Recorded information:
***

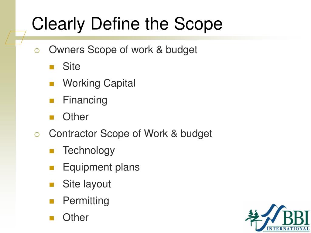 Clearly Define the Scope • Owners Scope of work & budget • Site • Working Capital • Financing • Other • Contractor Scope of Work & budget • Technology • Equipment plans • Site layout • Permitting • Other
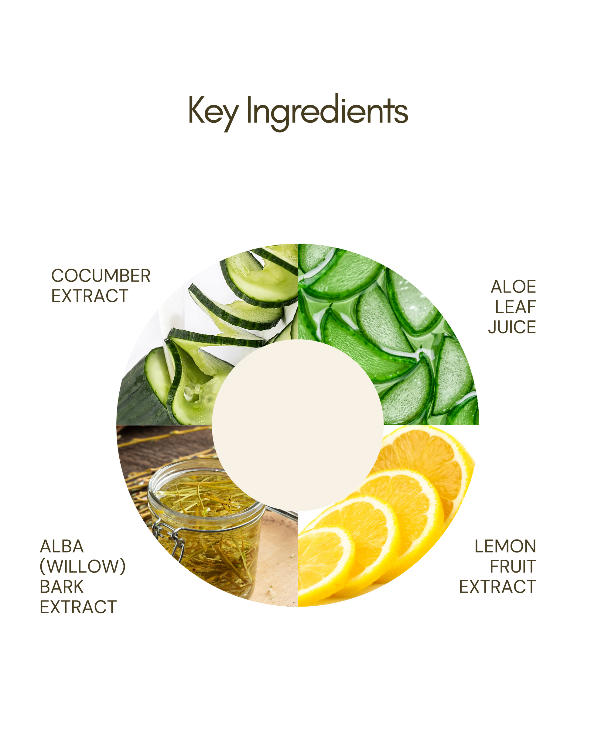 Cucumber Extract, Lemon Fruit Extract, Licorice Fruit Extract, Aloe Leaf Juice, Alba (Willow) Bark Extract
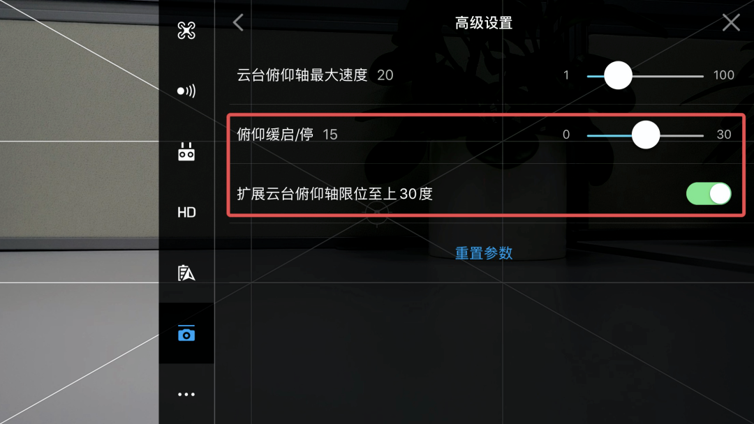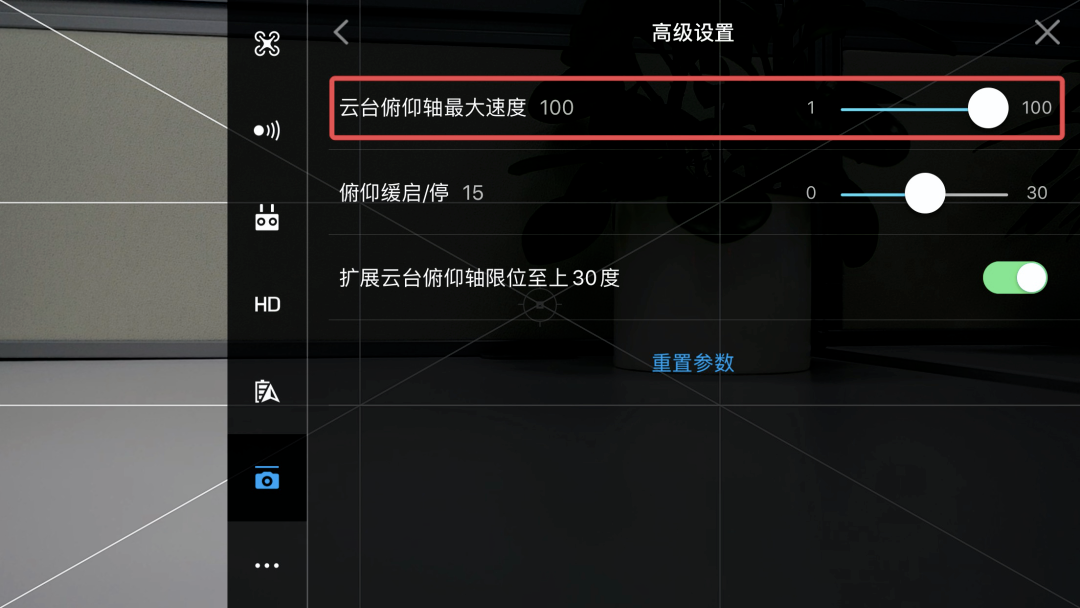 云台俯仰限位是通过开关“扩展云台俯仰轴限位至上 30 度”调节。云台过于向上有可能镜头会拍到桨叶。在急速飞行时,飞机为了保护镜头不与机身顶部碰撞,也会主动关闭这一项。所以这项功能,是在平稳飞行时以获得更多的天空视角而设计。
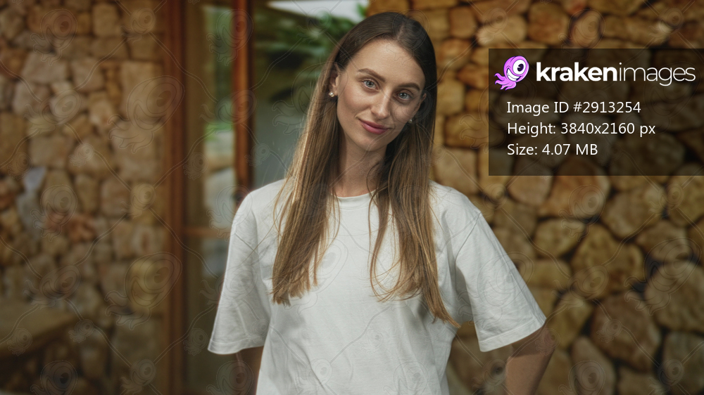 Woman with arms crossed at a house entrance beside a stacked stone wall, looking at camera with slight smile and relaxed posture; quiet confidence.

***

Give back every line of the material exactly as written, but not the pictures.

Final answer:
 Clearly Define the Scope • Owners Scope of work & budget • Site • Working Capital • Financing • Other • Contractor Scope of Work & budget • Technology • Equipment plans • Site layout • Permitting • Other
 Cucumber Extract, Lemon Fruit Extract, Licorice Fruit Extract, Aloe Leaf Juice, Alba (Willow) Bark Extract
 云台俯仰限位是通过开关“扩展云台俯仰轴限位至上 30 度”调节。云台过于向上有可能镜头会拍到桨叶。在急速飞行时,飞机为了保护镜头不与机身顶部碰撞,也会主动关闭这一项。所以这项功能,是在平稳飞行时以获得更多的天空视角而设计。
 Woman with arms crossed at a house entrance beside a stacked stone wall, looking at camera with slight smile and relaxed posture; quiet confidence.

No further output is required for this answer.